No, this need not be true, unless I am missing some assumption implicit in your use of the phrase "the induced norm" (emphasis added). Here is an example where $X=Y=\mathbb{R}$. All norms on $X\times Y=\mathbb{R}^2$ are equivalent. The norm $\|(x,y)\|^2=2x^2-2xy+y^2=x^2+(x-y)^2$ does not satisfy your property because, for example $\|(x,x)\|=|x|$ while $\|(x,0)\|=\sqrt{2}|x|$. (This norm actually comes from an inner product on $\mathbb{R}^2$.)

The following was a result of misreading the question. I'll leave it here, for now at least, if for no other reason than leaving Arturo's correction comprehensible:

What is true is that the projection map $(x,y)\mapsto x$ is continuous.
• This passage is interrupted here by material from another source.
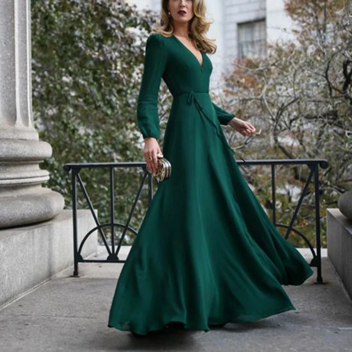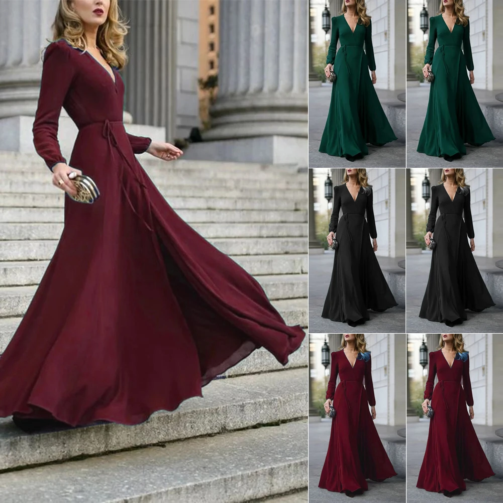 Женское платье-макси с V-образным вырезом, длинным рукавом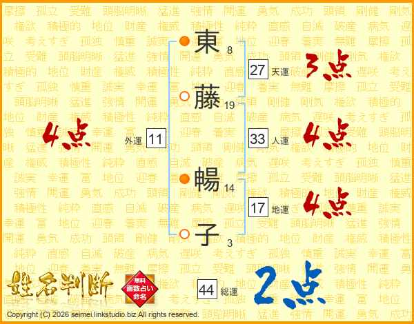 生活面を象徴する運勢です。外部から受ける影響力を表し、結婚運、家庭運や職場、環境への順応性を表します。総運から人運を引いた画数。姓や名が1文字の場合を除く。

This implies as a special case the following (which turns out to actually be equivalent to continuity):

For all $\epsilon>0$, there is a $\delta>0$ such that for all $x\in X$ and $y\in Y$, $\|(x,y)\|<\delta$ implies $\|x\|<\epsilon$.

In fact, the projection is Lipschitz continuous, and $\delta$ can be taken to be $\epsilon$ divided by the Lipschitz constant. For the reason Qiaochu Yuan gave in a comment on Ross Millikan's answer, this is the best you could hope for.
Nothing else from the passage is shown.